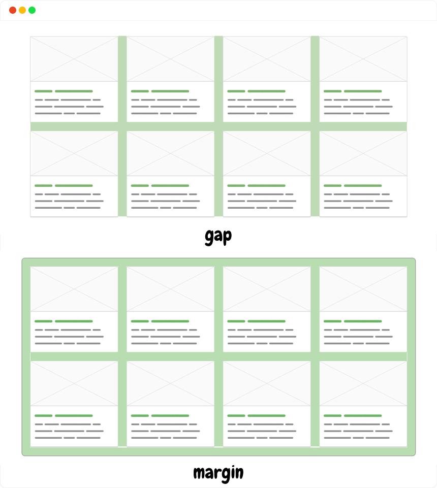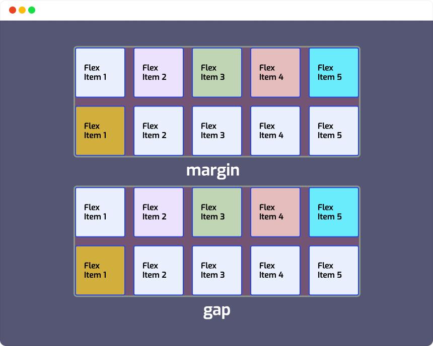 }在上面我们介绍 Flexbox 术语和概念时提到过,gap 和 margin 虽然都可以设置元素与元素之间的间距,但它们之间有明显的差异:
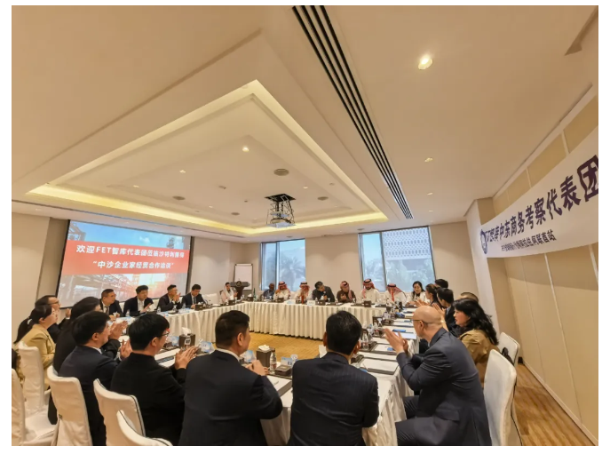 博石教育精心筹备,本次活动得到了 15 家中东两国政府单位和商会的鼎力支持,包括阿布扎比投资办公室、沙特国家投资部、沙特利雅得商会、迪拜商会、中国阿拉伯非洲商务联盟、阿联酋皇家资本集团、PIF 沙特公共投资基金、沙达控股集团家族、沙特粤商会、中国建材中东北非公司、杰贝阿里自贸区、KEZAD 阿布扎比哈里法经济开发区、阿联酋华人华侨联合会、迪拜龙城以及迪拜龙城总商会等。FET 智库企业家代表团的 18 位代表受到了近 50 位中东代表和华人华侨的热烈欢迎与盛情款待。期间举办 10余场项目洽谈会,不仅为两国企业间以及政商间在金融、经济、产业、技术等领域的经贸合作搭建了精准对接的桥梁,还进一步强化了中沙、中阿经贸合作的紧密联系,有力推动了双方合作向纵深发展,为未来的合作共赢奠定了坚实基础。
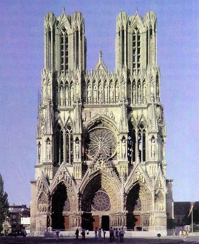 蘭斯主教堂 1211-1290年建,法蘭西國王的加冕教堂,主教堂內(nèi)設(shè)有主教座,每個教區(qū)只有一所。該教堂以形體勻稱、裝飾纖巧著稱。教堂前后建了百余年,由于墩柱形式與裝飾主題一致,格調(diào)統(tǒng)一。 法國盛期的著名教堂還有蘭斯主教堂和沙特爾主教堂,它們與亞眠主教堂和博韋主教堂一起,被稱為法國四大哥特式教堂。斯特拉斯堡主教堂也很有名,其尖塔高142米。 百年戰(zhàn)爭發(fā)生后,法國在14世紀(jì)幾乎沒有建造教堂。及至哥特式建筑復(fù)蘇,已經(jīng)到了火焰紋時期,這種風(fēng)格因宙欞形如火焰得名。建筑裝飾趨于“流動”、復(fù)雜。束柱往往沒有柱頭,許多細(xì)柱從地面直達(dá)拱頂,成為肋架。拱頂上出現(xiàn)了裝飾肋,肋架變成星形或其他復(fù)雜形式。當(dāng)時,很少建造大型教堂。這種風(fēng)格多出現(xiàn)在大教堂的加建或改建部分,以及比較次要的新建教堂中。 法國哥特時期的世俗建筑數(shù)量很大,與哥特式教堂的結(jié)構(gòu)和形式很不一樣。由于連年戰(zhàn)爭,城市的防衛(wèi)性很強。城堡多建于高地上,石墻厚實,碉堡林立,外形森嚴(yán)。但城墻限制了城市的發(fā)展,城內(nèi)嘈雜擁擠,居住條件很差。多層的市民住所緊貼狹窄的街道兩旁,山墻面街。二層開始出挑以擴大空間,一層通常是作坊或店鋪。結(jié)構(gòu)多是木框架,往往外露形成漂亮的圖案,頗饒生趣。富人邸宅、市政廳、同業(yè)公會等則多用磚石建造,采用哥特式教堂的許多裝飾手法。 ![]() 以設(shè)計協(xié)調(diào)和比例均衡而令人稱羨的布爾日·圣·斯蒂芬大教堂建于12-13世紀(jì),是杰出的哥特式建筑之一。它的門楣,雕塑和彩色玻璃窗特別引人注目,除了建筑的美觀性外,它還顯示了法國基督教的權(quán)力性。
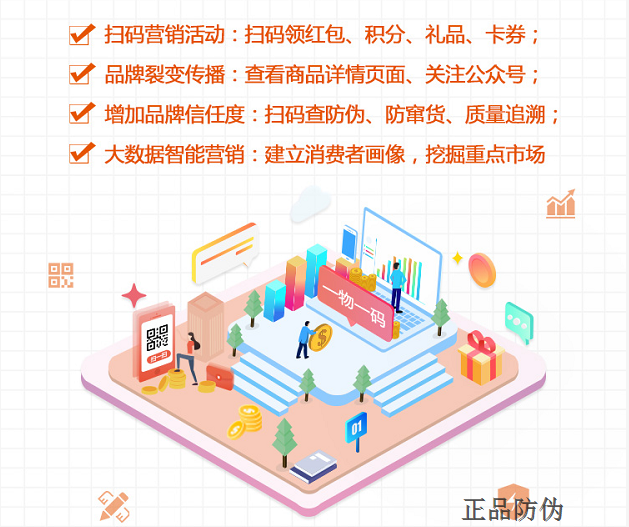 品牌发展,营销活动必不可少,正品防伪化妆品扫码红包营销系统提供标新立异的玩法,利用一物一码技术,为每一件商品赋予独一无二的二维码,以码为信息载体入口,建立线上线下的双向连接。消费者手机扫描二维码就能获悉产品信息,同时领取红包、积分、卡券、流量、实物礼品等。
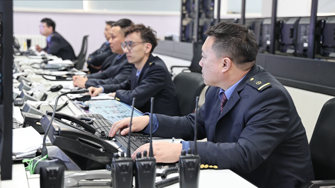 阿拉山口站运转车间干部在综合行车室盯控班列发车。布仁巴特 摄
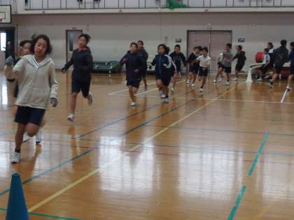 陸上部のメンバーは,体育館で朝練習をがんばっています。
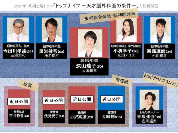 天海祐希が主演を務める2020年1月クールの日本テレビ系土曜ドラマ『トップナイフ-天才脳外科医の条件-』に、椎名桔平、広瀬アリス、永山絢斗、古川雄大、三浦友和が出演することが決定した。
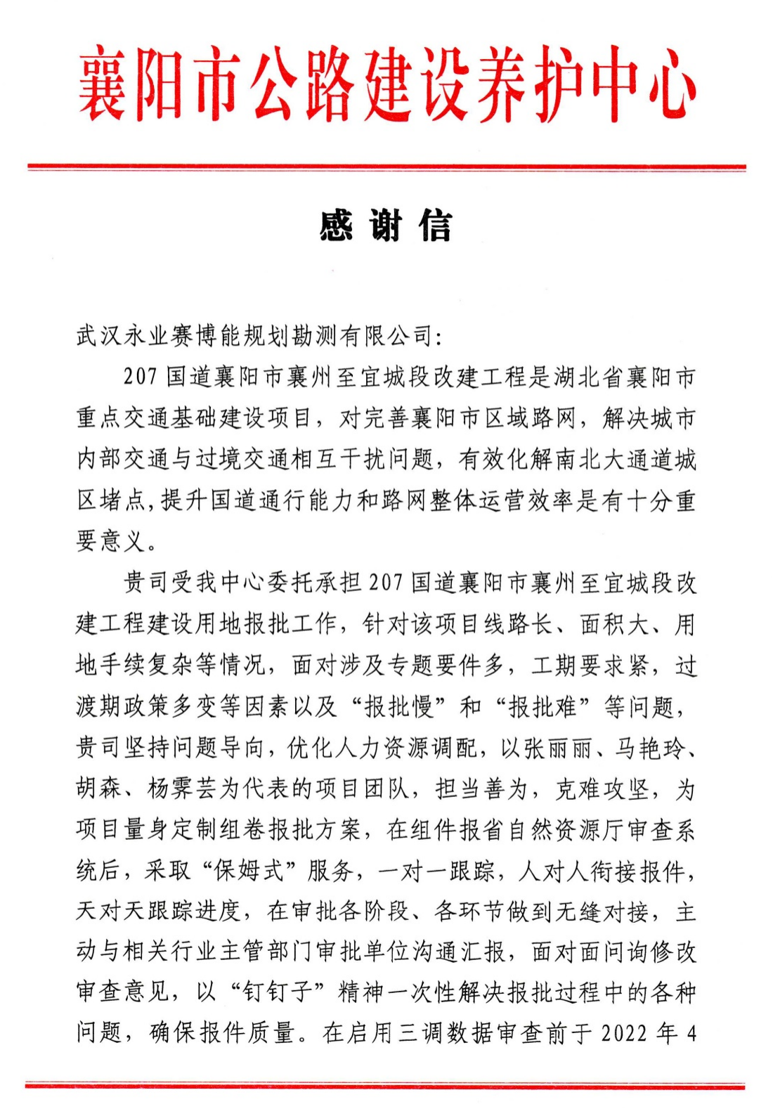 2022年7月27日,襄陽(yáng)市公路建設(shè)養(yǎng)護(hù)中心致函永業(yè)行,對(duì)我司承擔(dān)的207國(guó)道襄陽(yáng)市襄州至宜城段改建工程建設(shè)用地報(bào)批工作給予肯定和感謝。
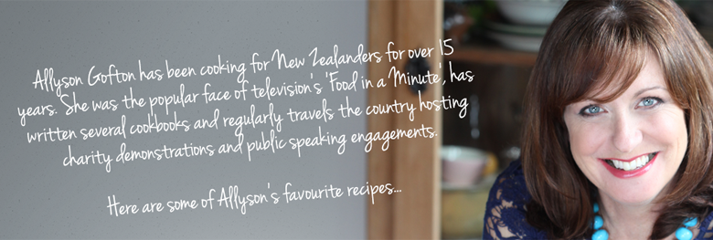 Allyson Gofton has been cooking for New Zealanders for over 15 years. She was the popular face of television's 'Food in a Minute', has written several cookbooks and regularly travels the country hosting charity demonstrations and public speaking engagements.
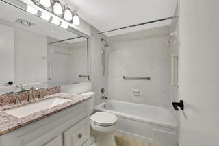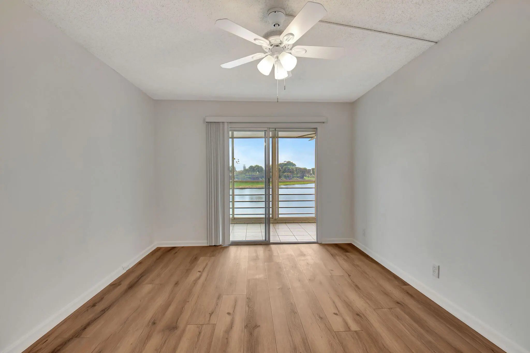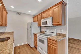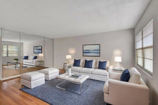 A MUST SEE!! New luxury vinal floors thruout. Gorgeous water view from glass enclosed patio with metal accordian shutters. Completely updated 2 bedroom 1-1/2 baths. Each bedroom has a sliding glass door to patio,. Walk in closet in master. Granite kitchen has newer appliances and upgraded cabinetry. All newly installed lovely luxury wood flooring throughout entire home and freshly painted. New window blinds have been installed. This building has a garbage shoot near elevator. Bring your fussiest buyers and sell!!!
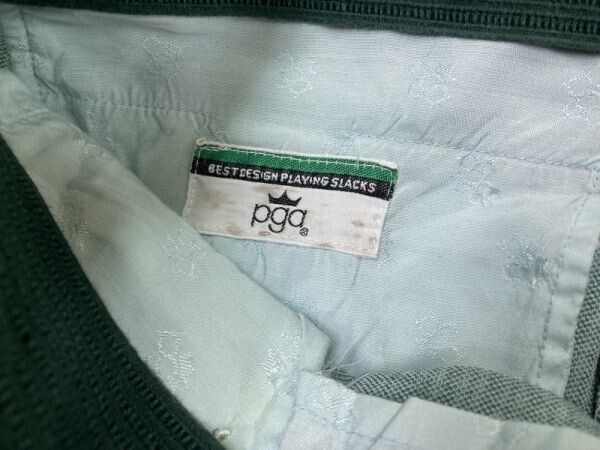 PGA オールド 昭和レトロ ゴルフ スポーツ 古着 マルチストライプ スラックス トラウザーズ パンツ ボトムス メンズ 緑 です。
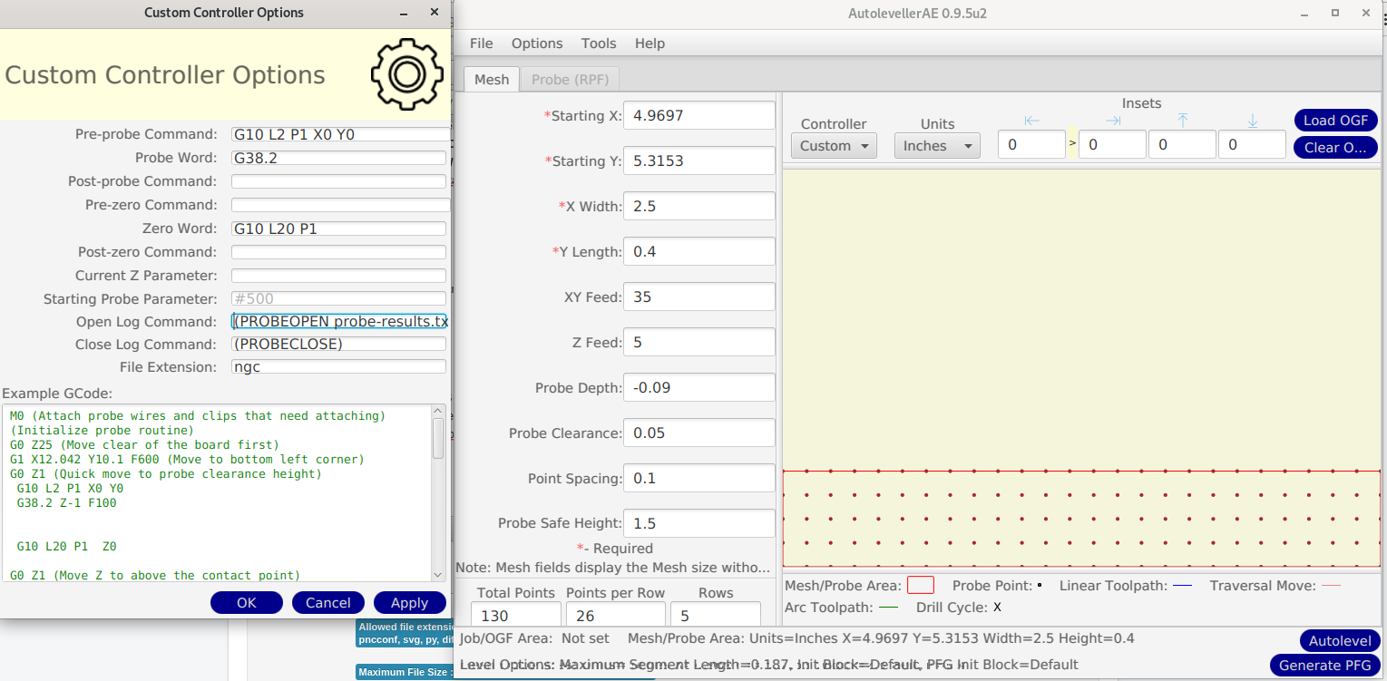 5 Enter the rest of the parameters in Autoleveller, generate PFG, save somewhere, say ~/linuxcnc/nc_files.

Work to complete →
Nothing but the lines from the line containing "Allyson Gofton has" through the end of the data, both ends included, is to be reproduced, exactly as written and without the pictures.

Solution →
 Allyson Gofton has been cooking for New Zealanders for over 15 years. She was the popular face of television's 'Food in a Minute', has written several cookbooks and regularly travels the country hosting charity demonstrations and public speaking engagements.
 A MUST SEE!! New luxury vinal floors thruout. Gorgeous water view from glass enclosed patio with metal accordian shutters. Completely updated 2 bedroom 1-1/2 baths. Each bedroom has a sliding glass door to patio,. Walk in closet in master. Granite kitchen has newer appliances and upgraded cabinetry. All newly installed lovely luxury wood flooring throughout entire home and freshly painted. New window blinds have been installed. This building has a garbage shoot near elevator. Bring your fussiest buyers and sell!!!
 PGA オールド 昭和レトロ ゴルフ スポーツ 古着 マルチストライプ スラックス トラウザーズ パンツ ボトムス メンズ 緑 です。
 5 Enter the rest of the parameters in Autoleveller, generate PFG, save somewhere, say ~/linuxcnc/nc_files.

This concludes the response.